Some of the hardships are obvious symptoms of postwar rebirth. Kabul roads, relatively easy to travel a year ago, are choked with traffic. Many prices have doubled in just six months. And each morning, day laborers pour into the city looking for work - mostly in construction - but find too few jobs to go around.
"The master plan has become a sort of stumbling block," says Mr. Mathema. "There is a kind of moratorium on construction, which is a pity because construction is a great income generator." Moreover, courts are choked with property disputes, and inundated with claims from refugees who want their land back, or whose homes - if standing - are occupied by someone else.
As Kabul careens toward winter, UN aid agencies and the Afghan government are readying a "Winter Preparedness Plan" that includes handing out items such as tents, blankets, stoves, coal, and plastic sheeting.
But organizers say they need $6.7 million to cover the plan's costs. Distribution has not yet begun, and the biting cold has already arrived.

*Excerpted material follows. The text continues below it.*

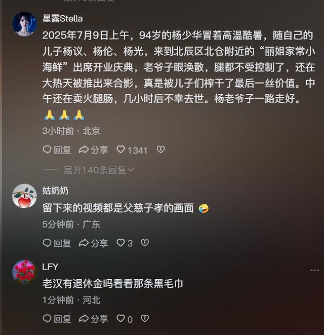 虽然说自始至终杨老都没有突然去世的征兆,但一个90多岁的老人,还顶着高温天气,被儿子推着参加商业活动,真的令人心疼。
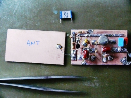 The easy and fast way of construction.The antenna probe measures 30X45mm. Larger receiving surface area overloads the amplifier. |

Qurban, one of the family patriarchs in the squatters' home, is ready to pick up and leave.
"If I could find [President Hamid] Karzai now, I would tear his clothes and ask him where all the help is," says Qurban. "I would ask him, Why did you tell us to come home?"
For some, migrating back and forth between Kabul and Peshawar - whose milder climate once made it the "winter capital" of the Afghans - is time-worn tradition. But it was never the way of life for Qurban, a Kabul-dweller, nor others in his family. The house he lived in before the war is destroyed. Any money his sons can earn now is likely to fund their return to Pakistan, rather than rebuilding.
In kind, some 150 to 200 Afghan families a week are returning to Pakistan - and UN officials worry they won't all make it.
"If they do have the resources to go back to Pakistan for the colder months, than that's good," says Maki Shinohara, the Afghanistan spokeswoman for the United Nations High Commissioner for Refugees. "What we're more concerned about are the people who don't have the resources and will end up stranded somewhere in between."